• Exercise goal
Leave out the pictures and print the records below exactly.

• Source records
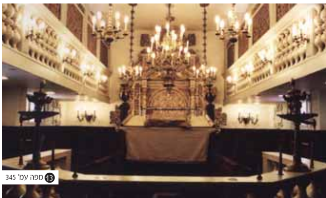
בית הכנסת האיטלקי - בית הכנסת מקונליאנו ונטו (משנת 1704) שהועבר בשלמותו לירושלים בשנת 1952, מבט מבפנים.

"נעשיתי קובר מתים בירושלם, כי לא ימצא בה נושאים מתים והולכי אחר המטה. וכבר היה מעשה באשה אחת שמתה' ובחצי הדרך הוכרחנו לקרוא לנשים שתבאנה ותשאנה, כי לא היה עמנו איש. ולולי נשים רבות הצובאות ללכת אחרי המטה וקצת בעלי תשובה אשר מזרע האנוסים המה, היה המת מוטל, שאין לו קוברים, כי אנשי הארץ עצמה לא יחמלו ולא ירחמו".
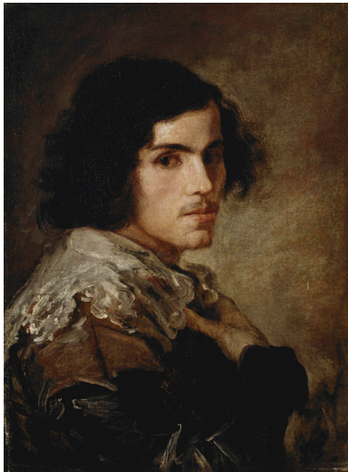
Retrato de un joven
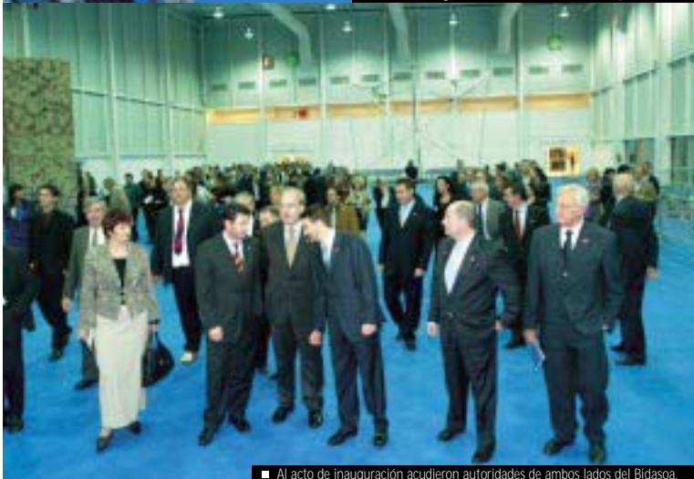
■ Al acto de inauguración acudieron autoridades de ambos lados del Bidasoa.
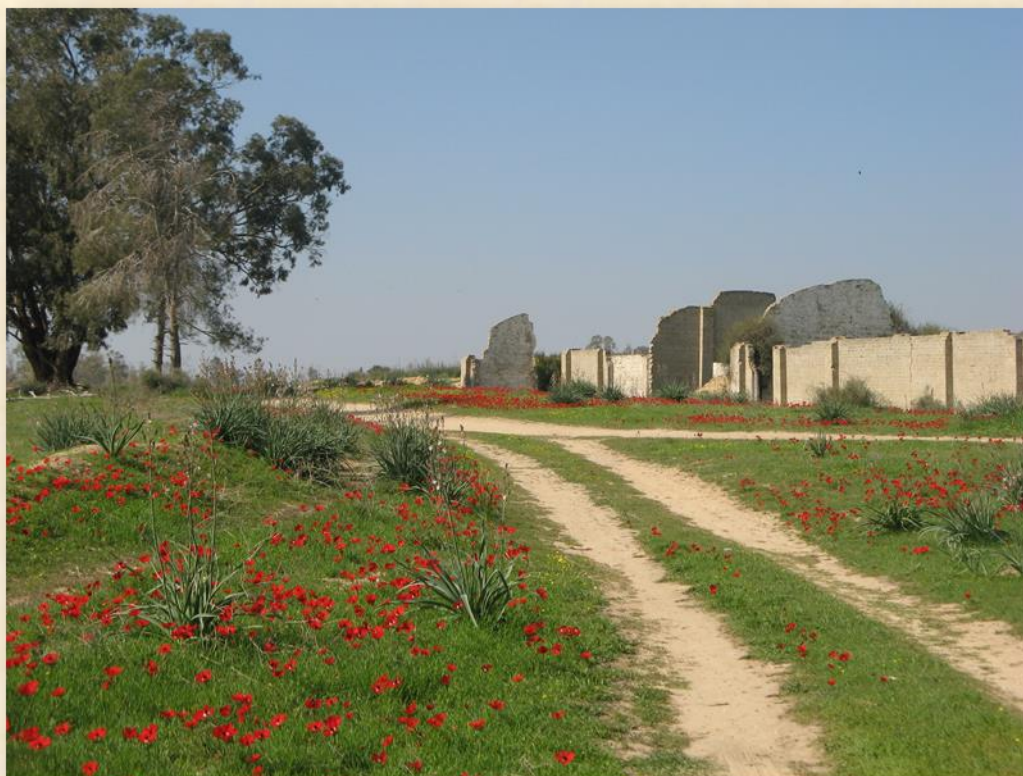
שרידי מבני שירות באזור מחסני התחמושת בתקופת דרום אדום : עפר יוגב
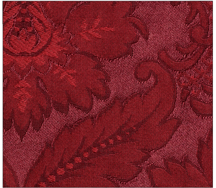
dritto / front
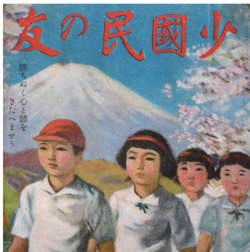
『少国民の友 四月号』(部分) 南丹市立文化博物館蔵
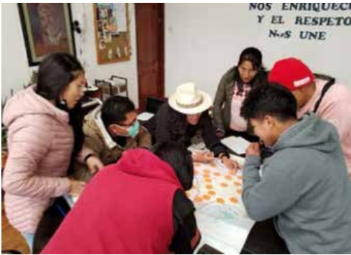
Jóvenes realizando diversas actividades, a través de las cuales eliminan barreras culturales y se identifican como hermanos.

Video ilustrativo: https://drive.google.com/file/d/1nSBLsi53yyW3ulHTrSxt_M-BJnQq86Dt/view?usp=drivesdk
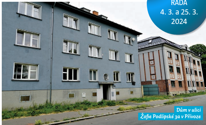
Dům v ulici Žofie Podlipské 3a v Přívoze
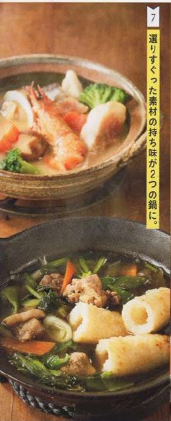
7 選りすぐった素材の持ち味が2つの鍋に。

• Exercise output
בית הכנסת האיטלקי - בית הכנסת מקונליאנו ונטו (משנת 1704) שהועבר בשלמותו לירושלים בשנת 1952, מבט מבפנים.

"נעשיתי קובר מתים בירושלם, כי לא ימצא בה נושאים מתים והולכי אחר המטה. וכבר היה מעשה באשה אחת שמתה' ובחצי הדרך הוכרחנו לקרוא לנשים שתבאנה ותשאנה, כי לא היה עמנו איש. ולולי נשים רבות הצובאות ללכת אחרי המטה וקצת בעלי תשובה אשר מזרע האנוסים המה, היה המת מוטל, שאין לו קוברים, כי אנשי הארץ עצמה לא יחמלו ולא ירחמו".
Retrato de un joven
■ Al acto de inauguración acudieron autoridades de ambos lados del Bidasoa.
שרידי מבני שירות באזור מחסני התחמושת בתקופת דרום אדום : עפר יוגב
dritto / front
『少国民の友 四月号』(部分) 南丹市立文化博物館蔵
Jóvenes realizando diversas actividades, a través de las cuales eliminan barreras culturales y se identifican como hermanos.

Video ilustrativo: https://drive.google.com/file/d/1nSBLsi53yyW3ulHTrSxt_M-BJnQq86Dt/view?usp=drivesdk
Dům v ulici Žofie Podlipské 3a v Přívoze
7 選りすぐった素材の持ち味が2つの鍋に。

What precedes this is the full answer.